Returning to Lerwick for the afternoon we had a quick lunch before we were due to re-board the MV Hrossey. Our arrival nicely coincided with the Lerwick RNLI Harbour Day and Northlink Ferries had organised a cruise around the islands of Bressay and Noss. Weather permitting the ferry was due to be joined by the Lifeboat, which I knew my little boy would love. Of course, I also had in the back of my mind that it would mean passing fairly close to Bressay lighthouse so I booked us all tickets to go on the cruise.
For some reason I’d expected us to set off heading south east and catching the Bressay lighthouse within the first 20 minutes or so. When the captain announced over the tannoy system that we would be heading north first it took a while for my brain to catch up and I suddenly realised that we may be sailing quite close to the Rova Head lighthouse very early in the trip. By the time I realised this, I dashed (again) to a window just in time to see the lighthouse, a flat-pack type, right outside. As the view through the window wasn’t very clear I knew I needed to go outside so I did a bit more dashing. My dashing came to a halt before I’d made it to the door though. You know how there are those scenes in cartoons where characters get stuck behind people or a person and just cannot get past, well that is exactly what happened here. I got stuck behind a very slow-moving person and then went to take a short cut only to get stuck behind a couple of people who had just come in from outside and were standing aside to let the slow person past. I eventually made it out just in time to see Rova Head getting smaller and smaller. I did get some pictures of it in the distance, but I’d not even had time to grab the camera and the zoom lens. Some of the pictures were nice though as the Lifeboat was passing between our boat and Rova Head. So I can’t really complain too much.
We arranged to go up to the bridge where the kids showed no interest in the captain’s chair or anything like that. They just wanted to enjoy the uninterrupted views of the Lifeboat bouncing about from the panoramic windows.
As the ferry began to follow the south coast of Bressay I went outside with the camera poised ready to see the lighthouse. I’m quite fond of this one having enjoyed spending time inside it last year. It’s a lovely little tower. It slowly came into view after some frankly astonishing coastal scenery. While everyone else was busy taking pictures of the Lifeboat running very close alongside us, I had my camera trained on the lighthouse. There were a few opportunities to get pictures of both the lighthouse and Lifeboat at the same time, which was nice, but the highlight was being able to see the lighthouse from this angle. As we turned the corner the natural arch very close to the tower came into view. It’s such an impressive section of the coast. It’s a shame the tower no longer contains an operational light as we may well have been able to see it from our accommodation, which looks down over Lerwick. The boat trip around Bressay was a fairly last minute addition to our schedule, but I’m pleased we did it. I’m just kicking myself a bit for not thinking of Rova Head sooner.

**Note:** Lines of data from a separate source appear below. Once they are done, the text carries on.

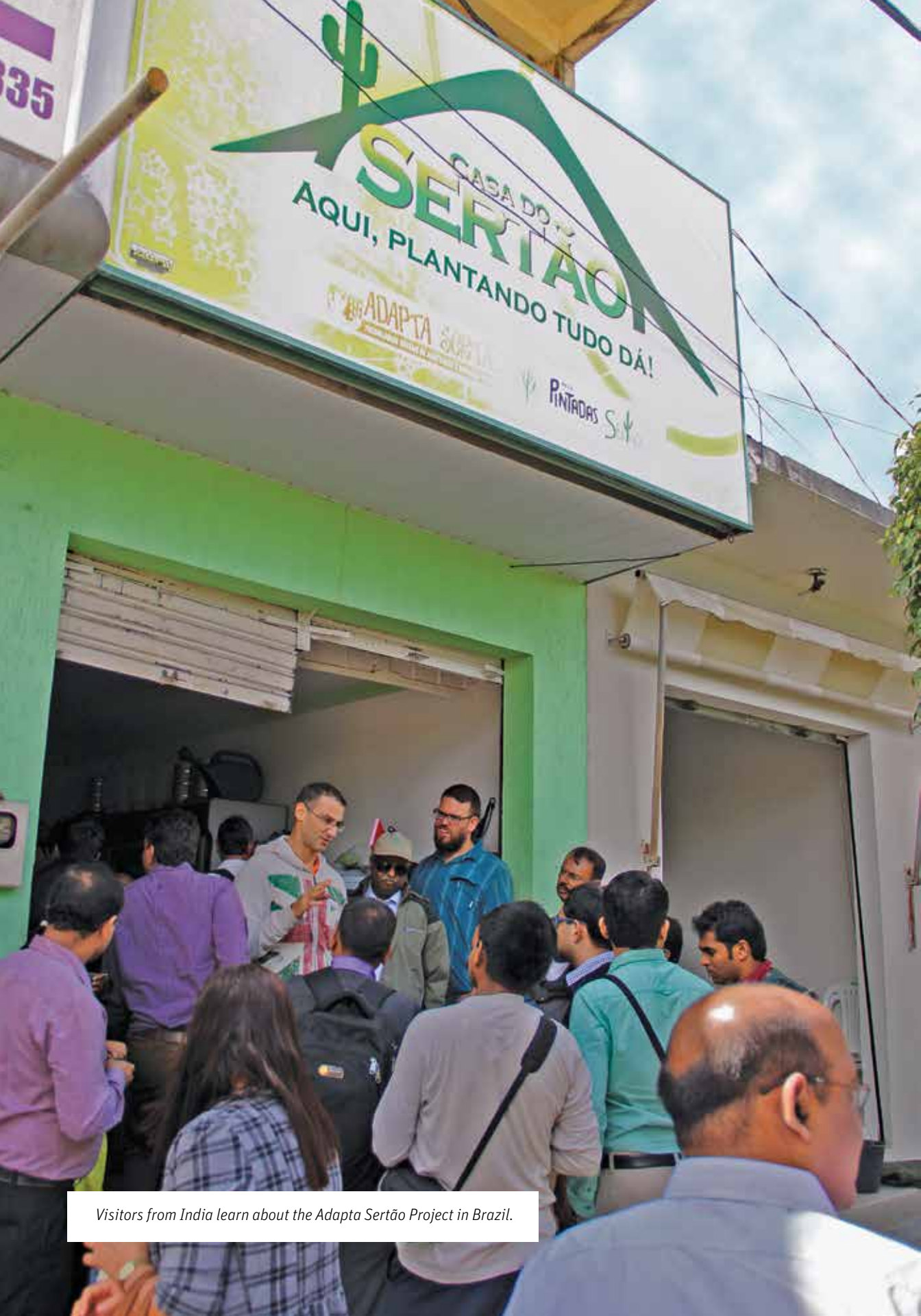
Visitors from India learn about the Adapta Sertão Project in Brazil.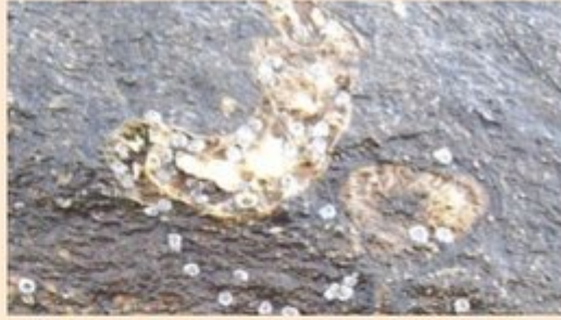
Body fossil: Solitary coral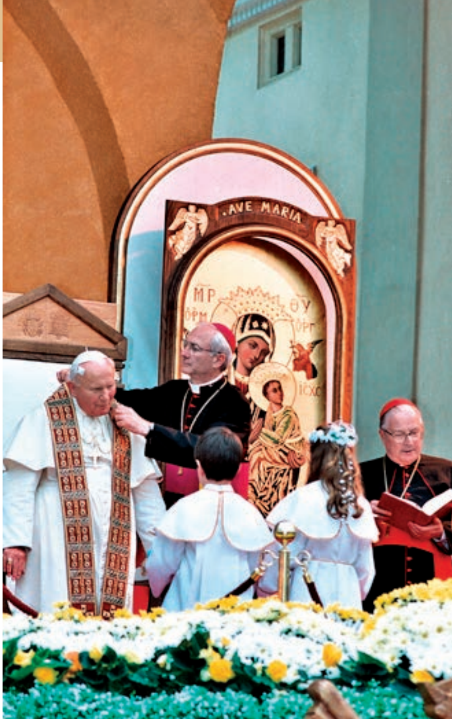
John Paul II in Wadowice – the third visit on June 16, 1999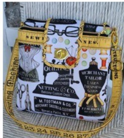
#5300- Bella BiFold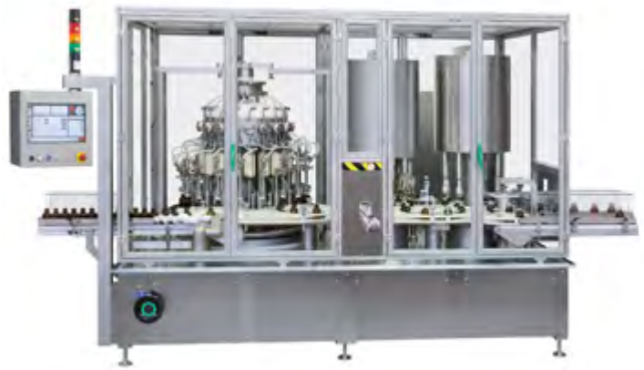
VIAL | High-speed Rotary Filling ML | and Capping Machine for Vials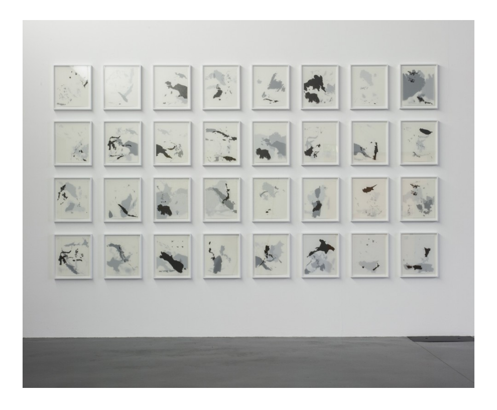
Figure 4. Tania Kovats, All the Islands of All the Seas, 2016, ink on layered matte acetate, 196 drawings, 32 parts, framed, 42 x 30 cm. Pippy Houldsworth Gallery.

The label "island writers" is often used to identify a body of postcolonial writing from former British colonies in Caribbean, Indian, and Pacific archipelagos. These writers (including the St Lucian poet Derek Walcott) "have rendered island spaces as vital and dynamic loci of cultural and material exchange". <sup>15</sup> As a series of small nations connected by the sea, they have profited from fluid, transcultural, diasporic, and regional alliances. Martiniquan writer Edouard Glissant has described the "openness" embodied by these islands: "the dialectic between inside and outside is reflected in the relationship between land and sea". <sup>16</sup> For Kovats, Hartley and other contemporary British artists (including, for example, Simon Faithful and Tacita Dean), the sea is vital to the spatial scale of island imagination, enabling my parallel designation of "island artists". In their work, the sea can act as a metaphor of connectivity within and beyond archipelagos. It can defy colonial and pro-Brexit narratives of separate island status and affirm the important role of art in the United Kingdom's "struggle with plurals".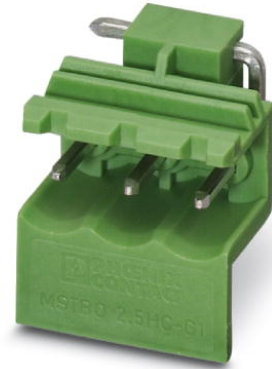
Illustration shows different articles for putting together the upper part of the housing

http://eshop.phoenixcontact.de/phoenix/treeViewClick.do?UID=1861028

So, a positive start to the trip and let’s hope it continues in that way. We have already begun discussing back up plans to get to some of the smaller lighthouses on the mainland if boat trips aren’t running. Being on holiday with my parents, who have been looking forward to seeing the kids for months, we are lucky to be able to have a little bit of free time to go off and enjoy walks and trips that we couldn’t do very easily at all with the kids.